■ Exercise directions: Output the data below only from the line containing "โดยก่อนละศีลอดแม่ทัพภาคที่ 4 ได้พบปะ" up to and including the line containing "Dieses Komplett-Set beinhaltet", exact and with the pictures left out.

*** Exercise materials ***

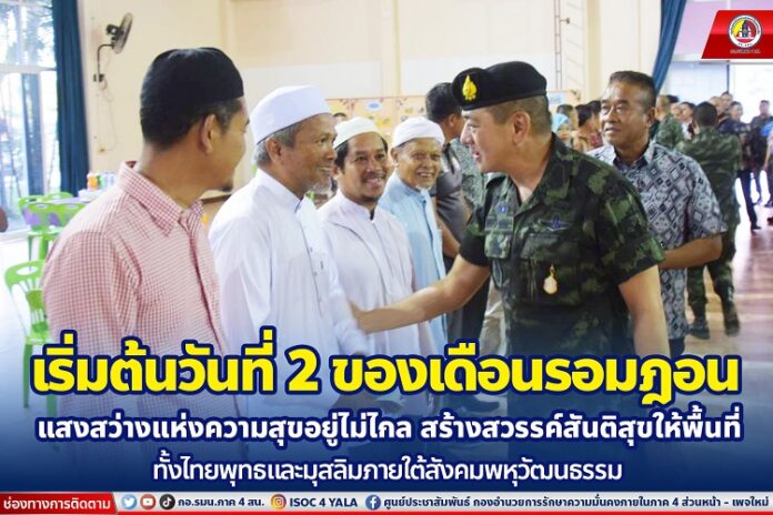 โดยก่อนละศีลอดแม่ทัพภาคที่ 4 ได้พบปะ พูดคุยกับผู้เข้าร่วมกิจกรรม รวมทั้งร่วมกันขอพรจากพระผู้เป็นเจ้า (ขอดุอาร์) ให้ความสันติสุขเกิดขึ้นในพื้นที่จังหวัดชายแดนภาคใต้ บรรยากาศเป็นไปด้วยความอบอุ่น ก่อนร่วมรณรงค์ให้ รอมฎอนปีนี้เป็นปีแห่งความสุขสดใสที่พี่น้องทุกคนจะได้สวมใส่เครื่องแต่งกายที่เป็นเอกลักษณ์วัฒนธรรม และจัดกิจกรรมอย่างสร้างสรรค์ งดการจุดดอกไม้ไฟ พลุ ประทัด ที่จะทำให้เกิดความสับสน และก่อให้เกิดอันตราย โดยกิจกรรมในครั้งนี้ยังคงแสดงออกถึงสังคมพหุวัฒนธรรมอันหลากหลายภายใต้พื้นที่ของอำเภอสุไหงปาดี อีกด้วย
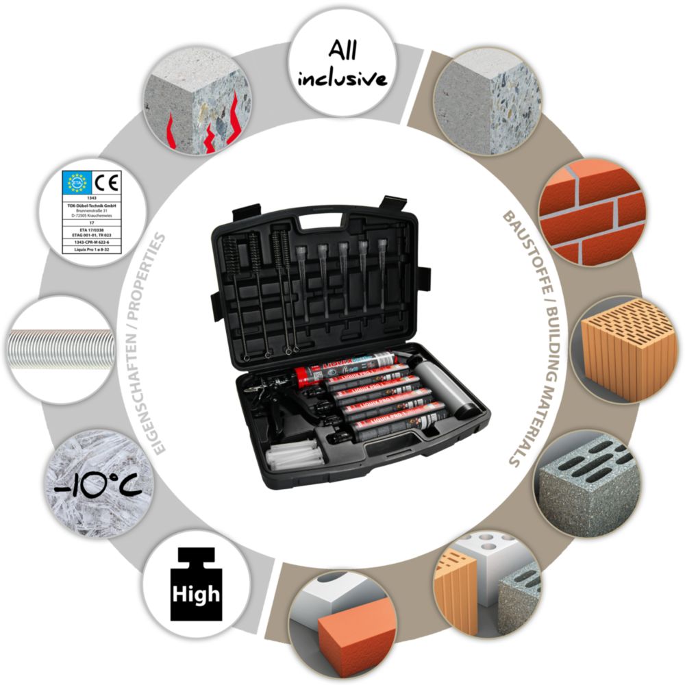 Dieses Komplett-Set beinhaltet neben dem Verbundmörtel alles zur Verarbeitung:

***
*** Exercise materials ***

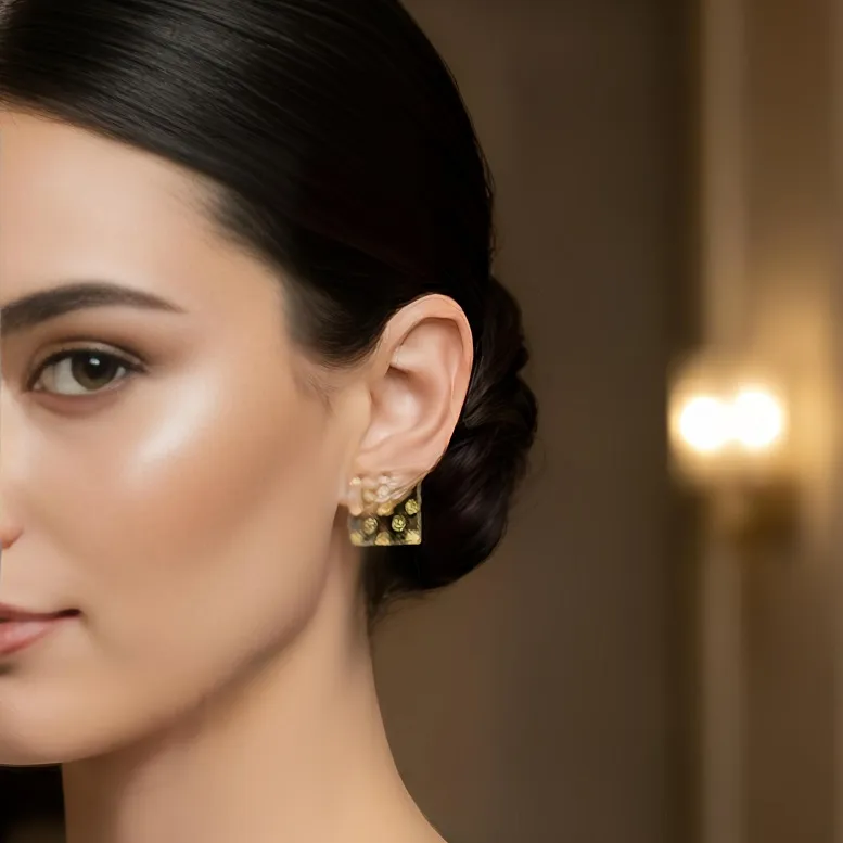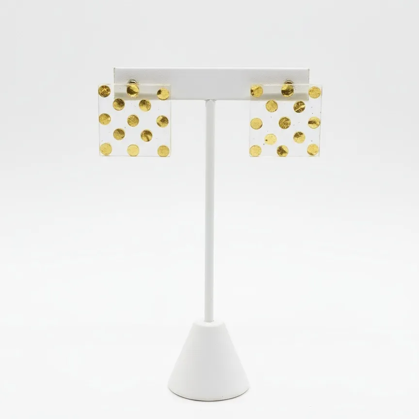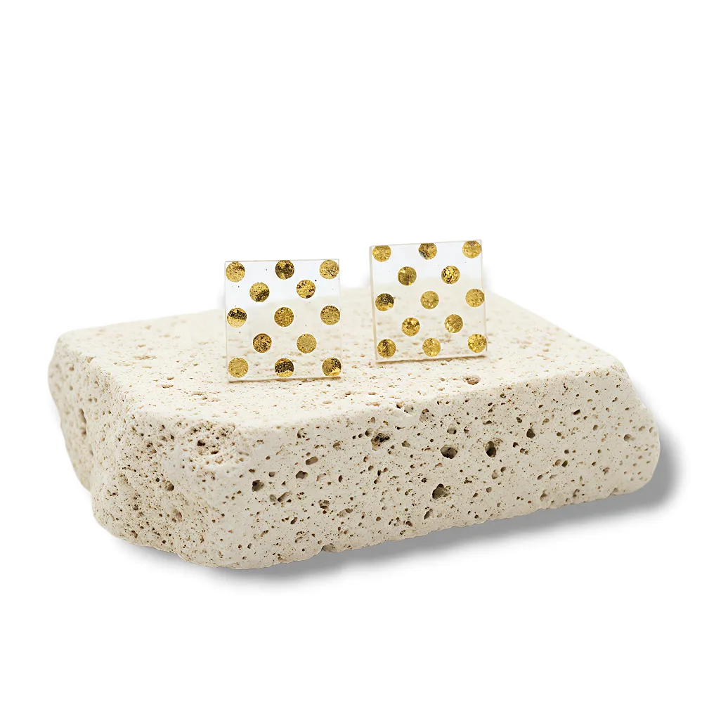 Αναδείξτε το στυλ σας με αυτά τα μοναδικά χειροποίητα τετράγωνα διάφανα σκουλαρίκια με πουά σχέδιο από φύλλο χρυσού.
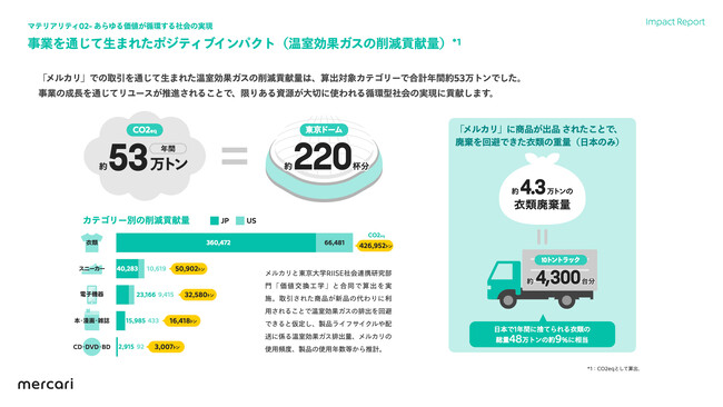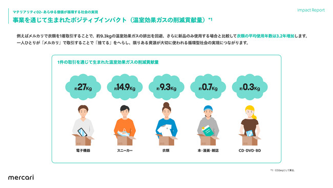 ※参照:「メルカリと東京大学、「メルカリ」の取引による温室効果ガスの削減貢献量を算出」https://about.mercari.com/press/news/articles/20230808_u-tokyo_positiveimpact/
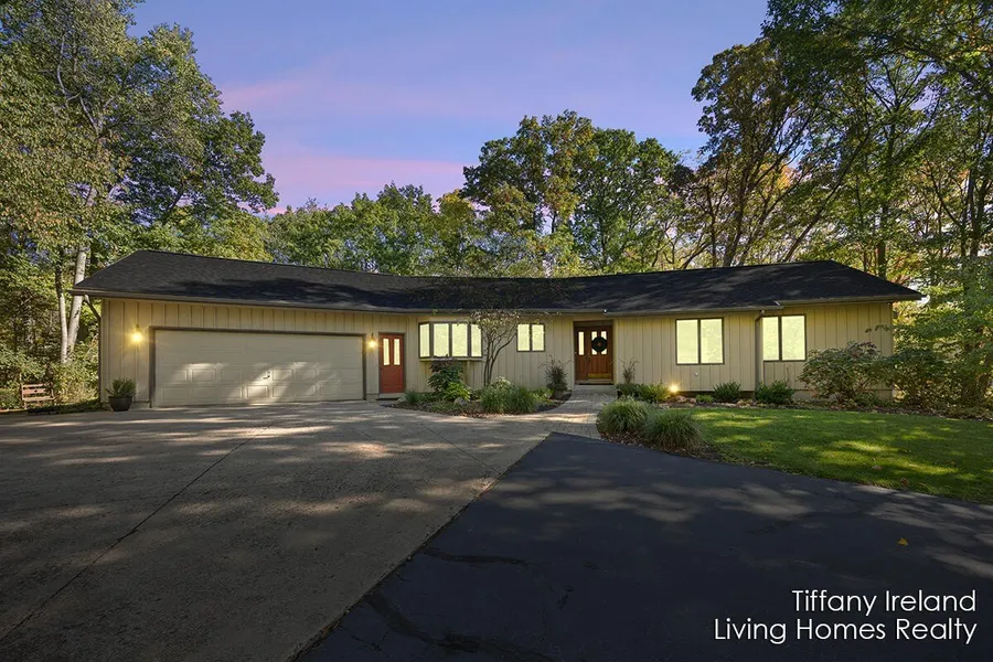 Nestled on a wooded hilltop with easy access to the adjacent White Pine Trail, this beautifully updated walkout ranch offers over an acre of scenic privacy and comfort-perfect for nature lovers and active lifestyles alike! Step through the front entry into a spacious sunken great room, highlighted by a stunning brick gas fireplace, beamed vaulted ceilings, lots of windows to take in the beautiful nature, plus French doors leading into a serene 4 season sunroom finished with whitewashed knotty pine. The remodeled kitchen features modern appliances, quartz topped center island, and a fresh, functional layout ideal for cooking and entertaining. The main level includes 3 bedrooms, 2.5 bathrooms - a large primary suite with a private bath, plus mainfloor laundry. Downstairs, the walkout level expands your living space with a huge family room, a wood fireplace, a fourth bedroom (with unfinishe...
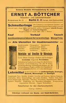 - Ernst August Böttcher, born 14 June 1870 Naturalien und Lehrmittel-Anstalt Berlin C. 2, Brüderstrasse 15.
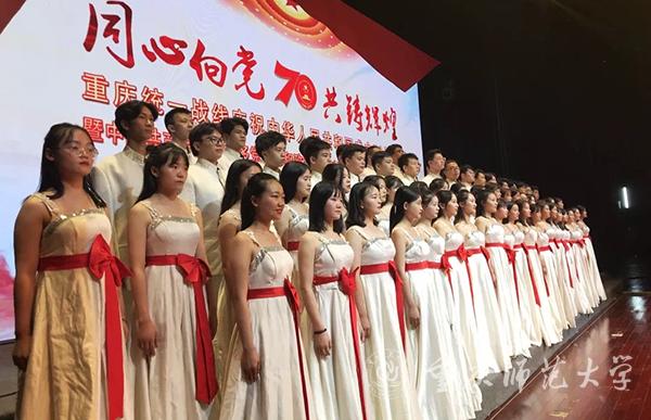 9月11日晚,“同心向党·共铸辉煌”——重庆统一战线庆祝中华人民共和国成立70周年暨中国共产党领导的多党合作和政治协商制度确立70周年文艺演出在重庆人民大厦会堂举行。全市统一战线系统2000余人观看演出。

***

■ Answer box:
 โดยก่อนละศีลอดแม่ทัพภาคที่ 4 ได้พบปะ พูดคุยกับผู้เข้าร่วมกิจกรรม รวมทั้งร่วมกันขอพรจากพระผู้เป็นเจ้า (ขอดุอาร์) ให้ความสันติสุขเกิดขึ้นในพื้นที่จังหวัดชายแดนภาคใต้ บรรยากาศเป็นไปด้วยความอบอุ่น ก่อนร่วมรณรงค์ให้ รอมฎอนปีนี้เป็นปีแห่งความสุขสดใสที่พี่น้องทุกคนจะได้สวมใส่เครื่องแต่งกายที่เป็นเอกลักษณ์วัฒนธรรม และจัดกิจกรรมอย่างสร้างสรรค์ งดการจุดดอกไม้ไฟ พลุ ประทัด ที่จะทำให้เกิดความสับสน และก่อให้เกิดอันตราย โดยกิจกรรมในครั้งนี้ยังคงแสดงออกถึงสังคมพหุวัฒนธรรมอันหลากหลายภายใต้พื้นที่ของอำเภอสุไหงปาดี อีกด้วย
 Dieses Komplett-Set beinhaltet neben dem Verbundmörtel alles zur Verarbeitung:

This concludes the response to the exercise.